Title: Towards Explainable and Accountable Fact-Checking

Pepa Atanasova is a last-year Ph.D. student at the Natural Language Processing Section at the University of Copenhagen, supervised by Isabelle Augenstein. Her main research interests lie in the area of explainable machine learning with applications in complex reasoning tasks such as fact checking and question answering.

Jacob Ward

September 30th, 2022

Title: TBA

Jacob is a television correspondent and producer. Since 2018 he has been a correspondent for NBC News, reporting on the unanticipated consequences of science and technology in our lives. He was also a former fellow at Stanford University’s Center for Advanced Study in the Behavioral Sciences, a television series host on the science and implications of bias, and the editor-in-chief of Popular Science.

Kathleen Pine

September 23rd, 2022

Title: Feeding the Machine out of Thin Air: Data Crafting in the ‘Data-Driven’ Organization

Kathleen (Katie) H. Pine is an assistant professor in the College of Health Solutions at Arizona State University. Pine is an interdisciplinary social scientist working at the intersection of Human-Centered Computing.

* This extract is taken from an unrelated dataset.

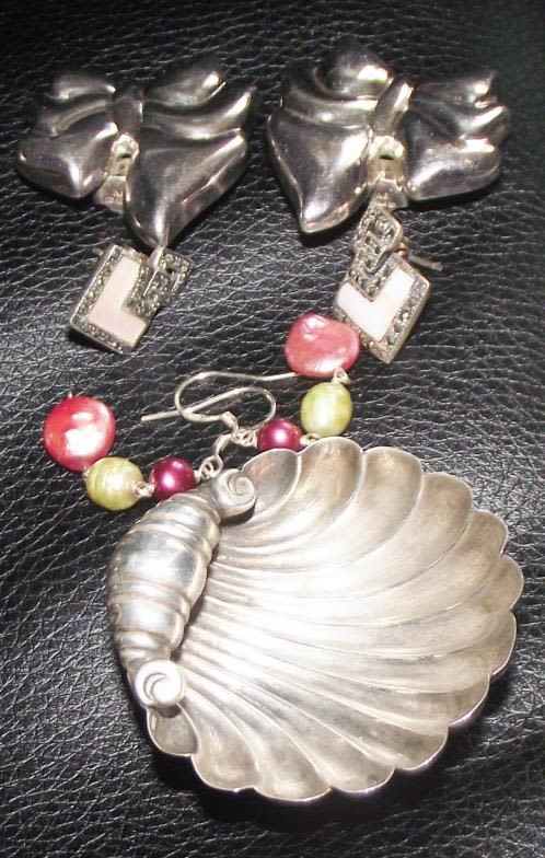 3 pairs of vintage silver earrings marked 925 + silver walker and hall Birmingham1895 shell shaped

Her research centers on data practices: the situated social, technical, and organizational practices through which data are created, managed, and deployed, as well as the social and organizational implications of digital information technologies in the realms of healthcare and community health.

Faculty host: Jodi Schneider;

Safiya U. Noble

September 9th, 2022

Title: Taking on Big Tech: New Paradigms for New Possibilities

Safiya U. Noble is an internet studies scholar and Professor of Gender Studies and African American Studies at the University of California, Los Angeles (UCLA). In 2021, she was recognized as a MacArthur Foundation Fellow (also known as the “Genius Award”) for her ground-breaking work on algorithmic discrimination.

Judith Simon

September 2nd, 2022

Title: TBA

Judith Simon is Full Professor for Ethics in Information Technologies at the Universität Hamburg as well as a member of the German Ethics Council, and has also been a member of the Data Ethics Commission of the German Federal Government (2018-2019). 

Spring 2022

Byron Wallace

April 22nd, 2022

Title: Methods to Aid Model Debugging: From Rationales to Influence (access)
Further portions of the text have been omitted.